Exactly the lines below starting at the line with "In ökumenischer Verbundenheit" and ending at the line with "Simple Light Yellow" are wanted, with both ends included. Leave out the pictures and add no other lines.

Data under study.
##########
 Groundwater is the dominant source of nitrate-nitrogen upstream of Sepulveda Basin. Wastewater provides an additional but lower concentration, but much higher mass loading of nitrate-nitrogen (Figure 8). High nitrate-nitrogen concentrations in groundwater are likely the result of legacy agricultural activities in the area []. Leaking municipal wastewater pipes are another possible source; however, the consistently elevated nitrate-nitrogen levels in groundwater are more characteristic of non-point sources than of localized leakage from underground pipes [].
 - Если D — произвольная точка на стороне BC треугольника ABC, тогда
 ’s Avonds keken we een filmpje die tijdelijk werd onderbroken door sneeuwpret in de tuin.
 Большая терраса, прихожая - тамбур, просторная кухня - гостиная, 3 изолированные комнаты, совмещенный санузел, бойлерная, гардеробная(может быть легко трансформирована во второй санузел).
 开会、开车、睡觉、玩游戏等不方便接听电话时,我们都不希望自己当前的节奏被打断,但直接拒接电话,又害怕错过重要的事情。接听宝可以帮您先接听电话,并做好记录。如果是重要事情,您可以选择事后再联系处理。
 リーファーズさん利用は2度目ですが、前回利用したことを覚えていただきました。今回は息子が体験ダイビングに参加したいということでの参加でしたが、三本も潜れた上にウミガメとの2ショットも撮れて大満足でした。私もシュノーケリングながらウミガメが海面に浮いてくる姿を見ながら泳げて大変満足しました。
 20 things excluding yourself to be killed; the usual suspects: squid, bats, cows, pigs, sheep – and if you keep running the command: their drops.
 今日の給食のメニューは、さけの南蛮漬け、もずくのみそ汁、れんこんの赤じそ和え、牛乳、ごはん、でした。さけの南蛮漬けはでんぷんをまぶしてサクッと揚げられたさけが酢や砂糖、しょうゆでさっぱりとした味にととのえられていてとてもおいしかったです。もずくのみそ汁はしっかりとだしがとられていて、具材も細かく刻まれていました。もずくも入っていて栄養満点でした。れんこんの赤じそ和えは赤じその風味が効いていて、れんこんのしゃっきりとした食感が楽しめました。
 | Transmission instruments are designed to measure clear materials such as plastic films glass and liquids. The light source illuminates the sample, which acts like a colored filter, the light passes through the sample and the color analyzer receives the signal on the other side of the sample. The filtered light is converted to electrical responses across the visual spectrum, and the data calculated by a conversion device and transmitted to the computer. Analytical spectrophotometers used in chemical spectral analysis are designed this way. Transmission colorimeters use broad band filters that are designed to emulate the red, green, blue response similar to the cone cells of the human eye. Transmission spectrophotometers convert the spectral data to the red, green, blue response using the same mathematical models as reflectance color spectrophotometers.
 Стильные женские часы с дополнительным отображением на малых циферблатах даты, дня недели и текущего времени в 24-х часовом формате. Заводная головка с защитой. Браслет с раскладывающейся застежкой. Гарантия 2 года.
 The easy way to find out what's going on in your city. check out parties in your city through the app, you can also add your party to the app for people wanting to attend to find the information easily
##########
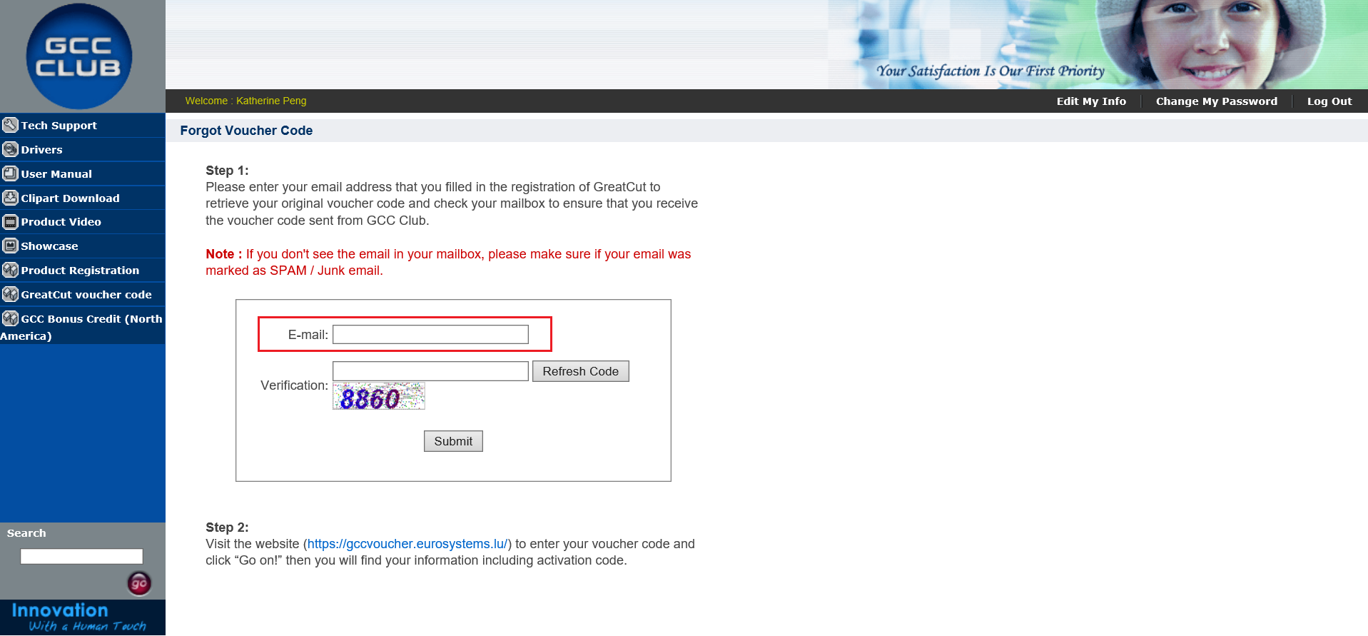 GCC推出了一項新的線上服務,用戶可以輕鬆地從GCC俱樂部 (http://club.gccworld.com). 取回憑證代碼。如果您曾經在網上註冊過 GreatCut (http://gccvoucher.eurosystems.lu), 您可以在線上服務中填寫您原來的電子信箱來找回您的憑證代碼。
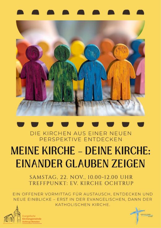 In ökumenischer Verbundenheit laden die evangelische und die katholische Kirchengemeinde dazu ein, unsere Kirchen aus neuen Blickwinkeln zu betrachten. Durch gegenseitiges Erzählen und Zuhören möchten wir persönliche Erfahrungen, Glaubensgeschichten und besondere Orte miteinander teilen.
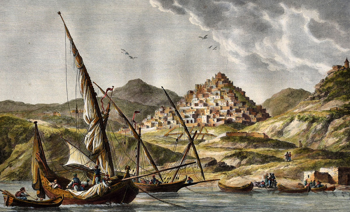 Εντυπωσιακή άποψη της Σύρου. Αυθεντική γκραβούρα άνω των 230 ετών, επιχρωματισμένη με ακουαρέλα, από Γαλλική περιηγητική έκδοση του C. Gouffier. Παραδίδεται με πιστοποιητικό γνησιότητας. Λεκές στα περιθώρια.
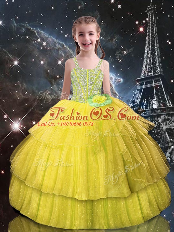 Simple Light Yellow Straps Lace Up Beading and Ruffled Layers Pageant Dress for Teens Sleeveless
##########
Solution.
 In ökumenischer Verbundenheit laden die evangelische und die katholische Kirchengemeinde dazu ein, unsere Kirchen aus neuen Blickwinkeln zu betrachten. Durch gegenseitiges Erzählen und Zuhören möchten wir persönliche Erfahrungen, Glaubensgeschichten und besondere Orte miteinander teilen.
 Εντυπωσιακή άποψη της Σύρου. Αυθεντική γκραβούρα άνω των 230 ετών, επιχρωματισμένη με ακουαρέλα, από Γαλλική περιηγητική έκδοση του C. Gouffier. Παραδίδεται με πιστοποιητικό γνησιότητας. Λεκές στα περιθώρια.
 Simple Light Yellow Straps Lace Up Beading and Ruffled Layers Pageant Dress for Teens Sleeveless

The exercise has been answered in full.